Posted by on Wednesday, November 18, 2020 in Diffusion Weighted MRI, Machine Learning, Magnetic resonance imaging, Neuroimaging, Traumatic Brain Injury (TBI).

Cailey I. Kerley, Leon Y. Cai, Chang Yu, Logan M. Crawford, Jason M. Elenberger, Eden S. Singh, Kurt G. Schilling, Katherine S. Aboud, Bennett A. Landman, Tonia S. Rex, “Joint analysis of connectivity and cortical surface features: correlates with mild traumatic brain injury.” (2021, Feb) SPIE Medical Imaging. San Diego, CA. (Accepted)

Full text: NIHMSID, arXiv

Abstract

Mild traumatic brain injury (mTBI) is a complex syndrome that affects up to 600 per 100,000 individuals, with a particular concentration among military personnel. About half of all mTBI patients experience a diverse array of chronic symptoms which persist long after the acute injury. Hence, there is an urgent need for better understanding of the white matter and gray matter pathologies associated with mTBI to map which specific brain systems are impacted and identify courses of intervention. Previous works have linked mTBI to disruptions in white matter pathways and cortical surface abnormalities. Herein, we examine these hypothesized links in an exploratory study of joint structural connectivity and cortical surface changes associated with mTBI and its chronic symptoms. Briefly, we consider a cohort of 12 mTBI and 26 control subjects. A set of 588 cortical surface metrics and 4,753 structural connectivity metrics were extracted from cortical surface regions and diffusion weighted magnetic resonance imaging in each subject. Principal component analysis (PCA) was used to reduce the dimensionality of each metric set. We then applied independent component analysis (ICA) both to each PCA space individually and together in a joint ICA approach. We identified a stable independent component across the connectivity-only and joint ICAs which presented significant group differences in subject loadings (p<0.05, corrected). Additionally, we found that two mTBI symptoms, slowed thinking and forgetfulness, were significantly correlated (p<0.05, corrected) with mTBI subject loadings in a surface-only ICA. These surface-only loadings captured an increase in bilateral cortical thickness.
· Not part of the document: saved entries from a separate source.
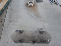 After 4 nylock hex head fasteners have been removed, lift the fiber glass base from the 4 threaded studs that are protruding from the concrete.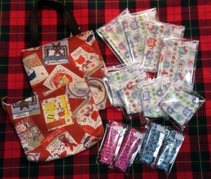 カレルチャペックの生地では、巾着袋と、ミニバックを縫ってくれました。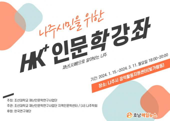 »ç´Ü¹ýÀÎ ³ªÁÖÇÐȸ´Â Áö¿ª¹ÎµéÀÇ ¿ª»ç¿Í ¹®È, Àι®ÇÐÀû ¿ª·®À» Çâ»ó½Ã۱â À§ÇØ ´Ù¾çÇÐ Çмú´ëȸ ¹× °ÀǸ¦ ÁøÇàÇϰí ÀÖ´Ù. Áö³ÇØ¿¡µµ ¡¸2023 È£³²Çѱ¹ÇÐ °Á ¹× Çмú´ëȸ Áö¿ø»ç¾÷¡¹¿¡ ¼±Á¤µÇ¾î (Àç)Çѱ¹ÇÐÈ£³²ÁøÈï¿øÀÇ ÈÄ¿øÀ¸·Î 10¿ù 24ÀϺÎÅÍ 12¿ù±îÁö ¡®¸»¸ñÀåÅÍ °¨³ª¹«¿¡¼ ¹è¿ì´Â µ¿ÇÐÀÇ ÁöÇý¡¯°Á¸¦ ¿î¿µÇÑ ¹Ù ÀÖ´Ù.

Keywords: mild traumatic brain injury, multi-modal MRI, independent component analysis

Fig4
Figure 4. An independent component presenting significant symptom correlations. Across all ICAs performed, only a single IC was found to be significantly correlated to mTBI symptom scores. This IC is from the surface-only ICA performed with 5 ICs. The two plots on the left in this figure show the statistically significant (p < 0.01, corrected) positive correlations between mTBI subject IC loadings and symptom severity scores for forgetfulness and slowed thinking. The IC was back-projected into the cortical surface metrics dataspace. The cortical thickness metric is visualized here on a representative T1w volume; the magnitude of region IC coefficients are encoded via color, with blue corresponding to lower absolute thickness and yellow corresponding to increased absolute thickness.